* _EXERCISE PROMPT_
Output exactly the lines of the listing below that run from the line with "Karaçalı mevkisinde O.D’ye" through the line with "江苏阳光食堂统一核磅验收单(20230607-食材)". No pictures.

* _SOURCE INFORMATION_
%%
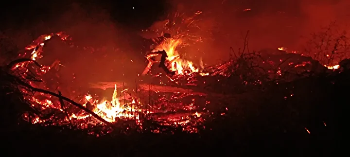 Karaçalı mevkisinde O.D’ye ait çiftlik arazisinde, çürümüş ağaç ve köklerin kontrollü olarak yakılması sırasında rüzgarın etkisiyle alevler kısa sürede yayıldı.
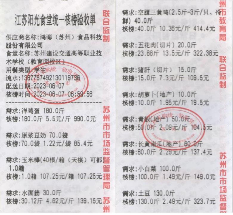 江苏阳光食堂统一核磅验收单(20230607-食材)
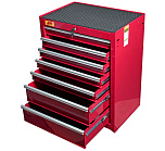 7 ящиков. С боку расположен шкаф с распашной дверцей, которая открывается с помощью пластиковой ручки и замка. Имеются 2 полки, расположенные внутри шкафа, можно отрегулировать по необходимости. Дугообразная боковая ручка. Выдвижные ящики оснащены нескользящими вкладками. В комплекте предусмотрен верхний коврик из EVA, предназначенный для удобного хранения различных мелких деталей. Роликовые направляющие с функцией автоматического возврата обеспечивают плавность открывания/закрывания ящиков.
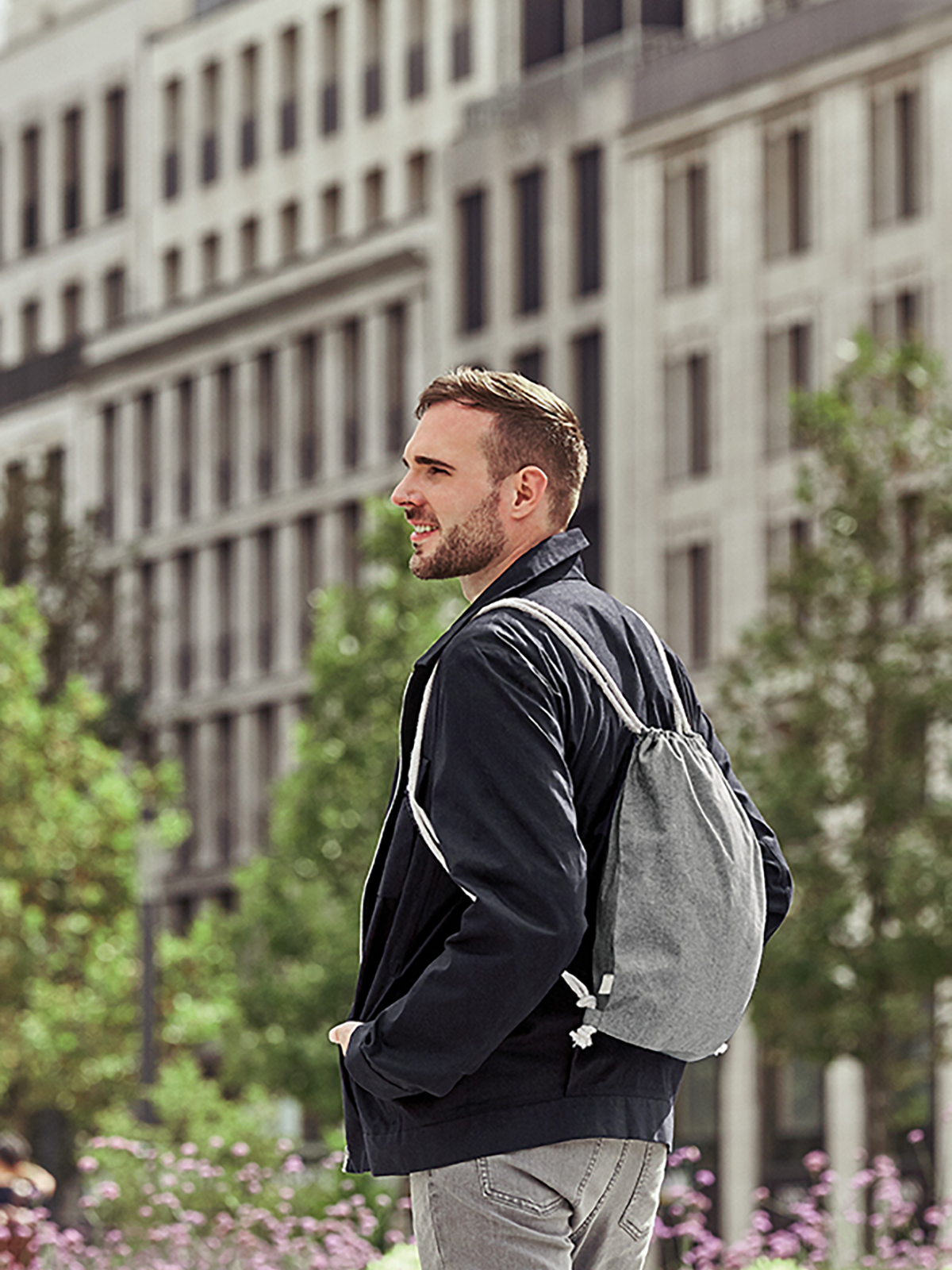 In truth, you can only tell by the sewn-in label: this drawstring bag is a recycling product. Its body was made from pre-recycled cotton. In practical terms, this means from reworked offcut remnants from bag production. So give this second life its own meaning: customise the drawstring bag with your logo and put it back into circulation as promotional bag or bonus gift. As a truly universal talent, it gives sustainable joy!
%%
%%
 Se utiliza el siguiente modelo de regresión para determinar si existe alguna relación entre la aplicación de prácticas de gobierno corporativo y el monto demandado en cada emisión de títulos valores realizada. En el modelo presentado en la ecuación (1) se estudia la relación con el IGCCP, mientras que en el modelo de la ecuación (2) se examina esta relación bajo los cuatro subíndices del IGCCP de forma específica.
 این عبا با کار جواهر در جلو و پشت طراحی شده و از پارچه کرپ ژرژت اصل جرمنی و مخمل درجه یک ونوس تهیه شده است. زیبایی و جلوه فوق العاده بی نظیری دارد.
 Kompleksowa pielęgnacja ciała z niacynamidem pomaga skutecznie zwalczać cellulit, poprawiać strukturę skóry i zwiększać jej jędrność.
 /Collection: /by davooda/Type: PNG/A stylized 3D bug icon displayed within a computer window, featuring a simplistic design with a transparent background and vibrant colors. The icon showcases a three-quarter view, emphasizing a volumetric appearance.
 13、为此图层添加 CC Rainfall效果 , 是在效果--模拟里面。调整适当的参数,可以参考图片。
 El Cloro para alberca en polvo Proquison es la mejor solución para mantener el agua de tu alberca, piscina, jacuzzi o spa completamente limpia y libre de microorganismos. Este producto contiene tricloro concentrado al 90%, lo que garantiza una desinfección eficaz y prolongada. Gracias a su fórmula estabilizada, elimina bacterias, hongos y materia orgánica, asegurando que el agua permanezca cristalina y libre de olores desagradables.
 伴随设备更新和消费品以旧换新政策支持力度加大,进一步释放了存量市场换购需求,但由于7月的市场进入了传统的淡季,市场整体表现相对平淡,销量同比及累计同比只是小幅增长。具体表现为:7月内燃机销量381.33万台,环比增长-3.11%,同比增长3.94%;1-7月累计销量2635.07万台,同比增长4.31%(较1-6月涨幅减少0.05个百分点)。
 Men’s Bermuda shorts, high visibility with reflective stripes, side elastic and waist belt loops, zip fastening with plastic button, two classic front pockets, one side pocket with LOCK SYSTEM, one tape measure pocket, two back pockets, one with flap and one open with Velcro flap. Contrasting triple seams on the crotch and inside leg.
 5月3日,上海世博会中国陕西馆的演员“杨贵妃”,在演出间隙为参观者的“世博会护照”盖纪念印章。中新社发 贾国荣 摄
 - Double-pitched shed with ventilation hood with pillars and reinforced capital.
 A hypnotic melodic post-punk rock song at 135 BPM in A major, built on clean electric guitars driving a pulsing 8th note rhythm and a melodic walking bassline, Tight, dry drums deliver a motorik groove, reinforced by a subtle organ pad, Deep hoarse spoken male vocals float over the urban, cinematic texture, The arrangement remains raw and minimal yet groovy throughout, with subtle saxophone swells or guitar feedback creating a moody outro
%%
* _FINAL ANSWER_
 Karaçalı mevkisinde O.D’ye ait çiftlik arazisinde, çürümüş ağaç ve köklerin kontrollü olarak yakılması sırasında rüzgarın etkisiyle alevler kısa sürede yayıldı.
 江苏阳光食堂统一核磅验收单(20230607-食材)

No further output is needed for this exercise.